Here’s a sobering statistic: On average, Americans spend 90,000 hours at work in their lifetime. That equates to approximately ⅓ of the average person’s life.
With so much time spent at work, it isn’t a surprise that people are constantly frustrated and looking for something new. But as we’ve noted before, just switching companies or positions within your own organization isn’t a panacea for happiness. Sometimes we need to think about what really makes us happy at work and ensure that we are actively pursuing those activities.
This blog post is all about a simple way to take stock in what makes you happy at work, and how to take initiative to pursue options to keep those “happy” activities flowing. Here’s how:
STEP ONE: Assess What Makes You Happy
This seems simple, but we are constantly surprised at how many people we interact with who do not have a strong notion of why they are happy or unhappy with their work. They usually can quickly tell you about their level of happiness with their boss, their team, their peers, etc. – but rarely is the “happiness” flashlight shining on their actual work. To appropriately shine that light in the right place, we ask you to answer the following questions thoughtfully and honestly:
- In the last 5 years, name at least 5 different projects/initiatives that you were working on that really brought you satisfaction/happiness at work.
Time To Dig In And Think: For each of those projects/initiatives, take the time to think about what activities you were specifically doing that equated to satisfaction/happiness. Get as detailed as possible.
- Now think about the type of role you were playing in those projects that led to satisfaction.
Time To Dig In And Think: Across all 5+ projects/initiatives, what roles keep coming to the surface?
- Maybe it was producing a presentation.
- Or giving a presentation.
- Or solving a difficult challenge.
- Or learning a new skill.
- The final step is thinking about “why” these types of activities and roles make you happy.
Time To Dig In And Think: This can help you see where you are in the zone, and how you ultimately want to be perceived by others. (And where being brutally honest with yourself is important!)
- It could be wanting to be seen as an expert or leader
- It could be wanting to be seen as a “go-getter”
- Or maybe you want to be seen as a methodical thinker.
STEP TWO: Applying These Insights to Your Work Life
Now that you’ve done the research, it’s time to find new projects and initiatives that will bring some “spark” to your life at work.
While people talk about passion projects, and sometimes wait around for months or years to have an opportunity be assigned to them, real leaders don’t wait around.
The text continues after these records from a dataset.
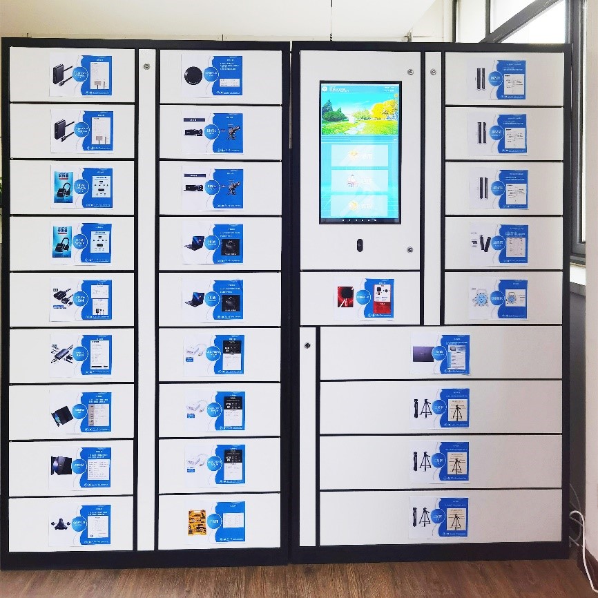 目前在地科院试点的智能借物柜,提供可借用的物品包括:笔记本电脑、相机、摄像头、麦克风、录音笔、转接头、激光笔、移动光驱、线轴电源线、工具箱等20余种。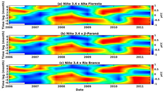 Windowed cross-correlation (WCC) analysis between the time series of SST anomalies (SSTA) in the Niño 3.4 region and the time series of aerosol optical depth (AOD) at 550 nm for (a) Alta Floresta, (b) Ji-Paraná, and (c) Rio Branco. In this analysis, a positive ρCC indicates that the Niño 3.4 ENSO SSTA series are in phase with the AOD, while a negative ρCC indicates that they are out of phase.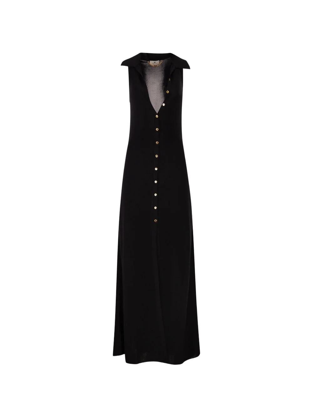 sleeveless maxi dress Highlights - Black - V-neck - Metal logo chain - Button fastening - Sleeveless - Shirt collar Imported Composition Viscose 100% Washing instructions Read Manufacturer Guidelines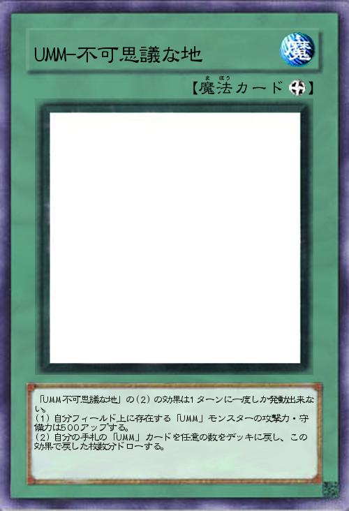 | 「UMM不可思議な地」の(2)の効果は1ターンに一度しか発動出来ない。 (1)自分フィールド上に存在する「UMM」モンスターの攻撃力・守備力は500アップする。 (2)自分の手札の「UMM」カードを任意の数をデッキに戻し、この効果で戻した枚数分ドローする。 | |||

Other leaders also value initiative from their colleagues. So raising your hand to tackle something that will bring you happiness can also be a win for your own leader/team.
We suggest that you be honest with your team and/or boss. Say something like:
- “I’m really interested in <this>. It brings me passion and I excel at it.
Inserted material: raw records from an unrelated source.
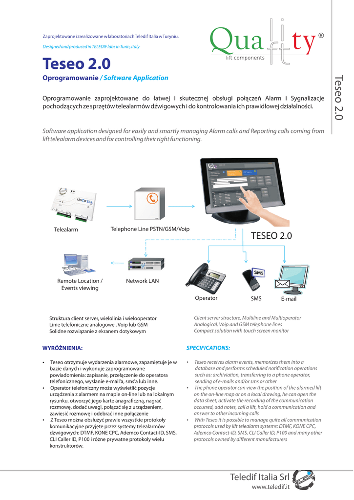 y t Qua li ft Zaprojektowane i zrealizowane w laboratoriach Teledif Italia w Turyniu. Designed and produced in TELEDIF labs in Turin, Italy ® lift components Teseo 2.0 Oprogramowanie zaprojektowane do ³atwej i skutecznej obs³ugi po³¹czeñ Alarm i Sygnalizacje pochodz¹cych ze sprzêtów telealarmów dŸwigowych i do kontrolowania ich prawid³owej dzia³alnoœci. Software application designed for easily and smartly managing Alarm calls and Reporting calls coming from lift telealarm devices and for controlling their right functioning. Telealarm Remote Location / Events viewing Telephone Line PSTN/GSM/Voip TESEO 2.0 Network LAN Operator Struktura client server, wielolinia i wielooperator Linie telefoniczne analogowe , Voip lub GSM Solidne rozwi¹zanie z ekranem dotykowym SMS E-mail Client server structure, Multiline and Multioperator Analogical, Voip and GSM telephone lines Compact solution with touch screen monitor WYRÓ¯NIENIA: SPECIFICATIONS: ? Teseo otrzymuje wydarzenia alarmowe, zapamiêtuje je w ? Teseo receives alarm events, memorizes them into a bazie danych i wykonuje zaprogramowane powiadomienia: zapisanie, prze³¹czenie do operatora telefonicznego, wys³anie e-mail'a, sms'a lub inne. ? Operator telefoniczny mo¿e wyœwietliæ pozycje urz¹dzenia z alarmem na mapie on-line lub na lokalnym rysunku, otworzyæ jego karte anagraficzn¹, nagraæ rozmowê, dodaæ uwagi, po³¹czæ siê z urz¹dzeniem, zawiesiæ rozmowê i odebraæ inne po³¹czenie ? Z Teseo mo¿na obs³u¿yæ prawie wszystkie protoko³y komunikacyjne przyjête przez systemy telealarmów dzwigowych: DTMF, KONE CPC, Ademco Contact-ID, SMS, CLI Caller ID, P100 i ró¿ne prywatne protoko³y wielu konstruktorów. database and performs scheduled notification operations such as: archiviation, transferring to a phone operator, sending of e-mails and/or sms or other ? The phone operator can view the position of the alarmed lift on the on-line map or on a local drawing, he can open the data sheet, activate the recording of the communication occurred, add notes, call a lift, hold a communication and answer to other incoming calls ? With Teseo it is possible to manage quite all communication protocols used by lift telealarm systems: DTMF, KONE CPC, Ademco Contact-ID, SMS, CLI Caller ID, P100 and many other protocols owned by different manufacturers Teledif Italia Srl www.teledif.it Teseo 2.0 Oprogramowanie / Software Application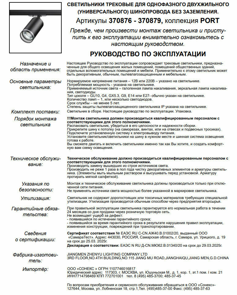 Однофазный светильник для шинопровода с лампочкой Novotech 370879+Lamps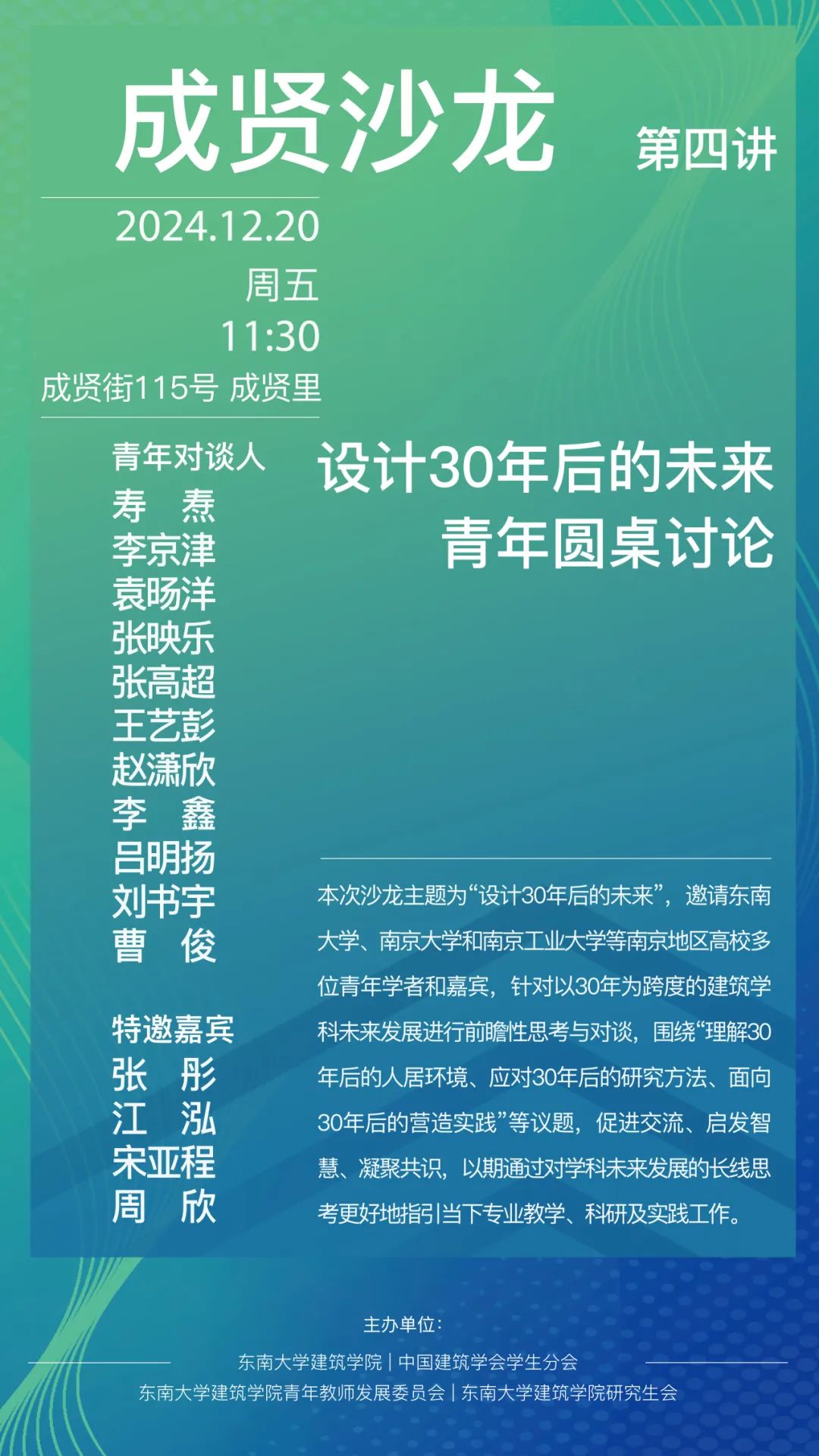 青年是学术传承与开拓创新的希望和动力。2024年是zero搬运网 “学术年”,zero搬运网 特开设“成贤沙龙”,长期延请青年学者分享见解,探讨前沿,激发互动,促进交叉,推动建筑学科及交叉领域的交流创新与多元发展。

- I’d like to see if there are some opportunities within the team where people would like help with <this>. I’m ready to step up and show my enthusiasm.”
If there aren’t direct or obvious options to showcase that skill on your direct team, don’t hesitate to reach out to your own leader to see if that skill/interest can be utilized in a broader context with another department or group. You’d be surprised how these types of conversations can unexpectedly open doors to new assignments, future job changes, and future development for you.
The only thing holding you back – is you.
We recommend that you do an honest assessment of your own areas of hidden happiness, and waste no time trying to apply them in the tens of thousands of hours of work time that might be ahead of you in your career.